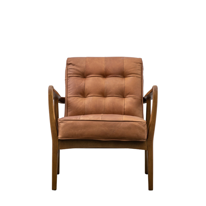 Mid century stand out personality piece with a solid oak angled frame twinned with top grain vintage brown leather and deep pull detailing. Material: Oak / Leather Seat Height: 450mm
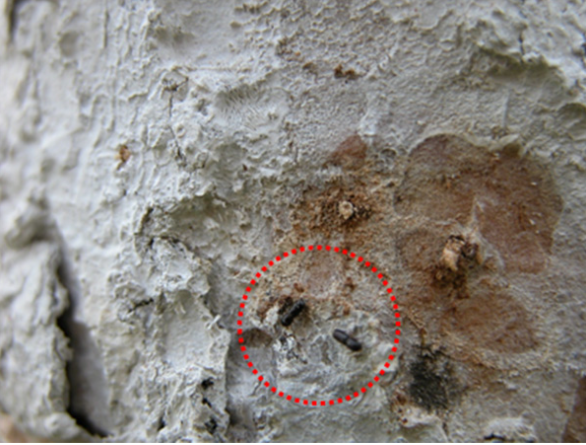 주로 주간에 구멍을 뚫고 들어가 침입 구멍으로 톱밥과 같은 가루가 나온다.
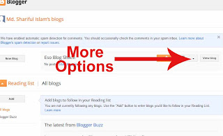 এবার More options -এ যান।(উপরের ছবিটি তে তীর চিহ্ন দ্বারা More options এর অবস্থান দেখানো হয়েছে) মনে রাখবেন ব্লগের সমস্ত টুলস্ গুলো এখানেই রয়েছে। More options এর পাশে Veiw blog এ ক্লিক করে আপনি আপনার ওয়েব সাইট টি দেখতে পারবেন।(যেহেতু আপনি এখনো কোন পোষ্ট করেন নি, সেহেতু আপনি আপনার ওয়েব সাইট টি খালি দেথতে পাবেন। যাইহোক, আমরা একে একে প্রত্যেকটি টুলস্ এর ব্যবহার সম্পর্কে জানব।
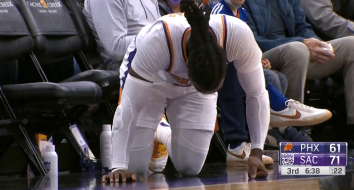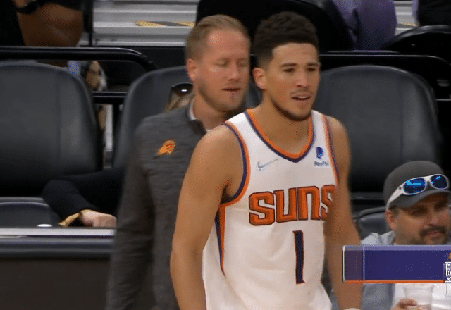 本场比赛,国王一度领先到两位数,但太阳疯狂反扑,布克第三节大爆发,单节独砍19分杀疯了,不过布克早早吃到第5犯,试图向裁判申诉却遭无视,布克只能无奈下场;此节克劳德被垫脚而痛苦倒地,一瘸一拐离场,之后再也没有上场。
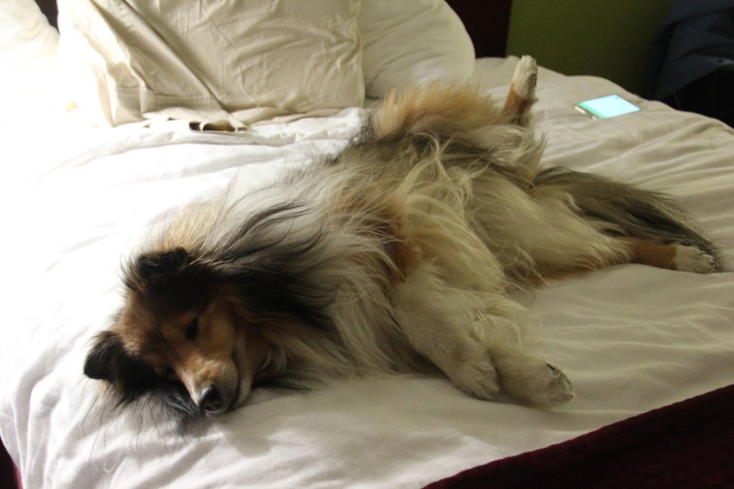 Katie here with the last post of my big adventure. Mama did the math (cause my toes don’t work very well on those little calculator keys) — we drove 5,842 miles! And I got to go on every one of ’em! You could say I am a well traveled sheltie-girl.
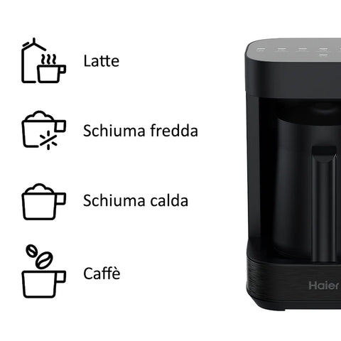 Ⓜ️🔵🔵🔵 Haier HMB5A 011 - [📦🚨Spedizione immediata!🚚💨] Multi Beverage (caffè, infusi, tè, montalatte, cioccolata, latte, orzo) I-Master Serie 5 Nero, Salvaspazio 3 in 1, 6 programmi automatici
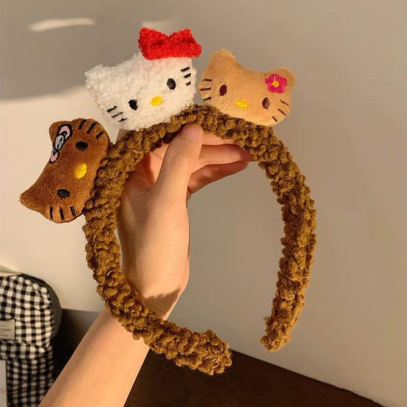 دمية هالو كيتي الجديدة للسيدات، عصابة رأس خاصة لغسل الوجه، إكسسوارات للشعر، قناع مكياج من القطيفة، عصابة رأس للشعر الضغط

::::::::::

• [Problem description] With pictures excluded, restate word for word the lines from the one that contains "本场比赛,国王一度领先到两位" through the end of the material, inclusive, and nothing more.

• [Written response]
 本场比赛,国王一度领先到两位数,但太阳疯狂反扑,布克第三节大爆发,单节独砍19分杀疯了,不过布克早早吃到第5犯,试图向裁判申诉却遭无视,布克只能无奈下场;此节克劳德被垫脚而痛苦倒地,一瘸一拐离场,之后再也没有上场。
 Katie here with the last post of my big adventure. Mama did the math (cause my toes don’t work very well on those little calculator keys) — we drove 5,842 miles! And I got to go on every one of ’em! You could say I am a well traveled sheltie-girl.
 Ⓜ️🔵🔵🔵 Haier HMB5A 011 - [📦🚨Spedizione immediata!🚚💨] Multi Beverage (caffè, infusi, tè, montalatte, cioccolata, latte, orzo) I-Master Serie 5 Nero, Salvaspazio 3 in 1, 6 programmi automatici
 دمية هالو كيتي الجديدة للسيدات، عصابة رأس خاصة لغسل الوجه، إكسسوارات للشعر، قناع مكياج من القطيفة، عصابة رأس للشعر الضغط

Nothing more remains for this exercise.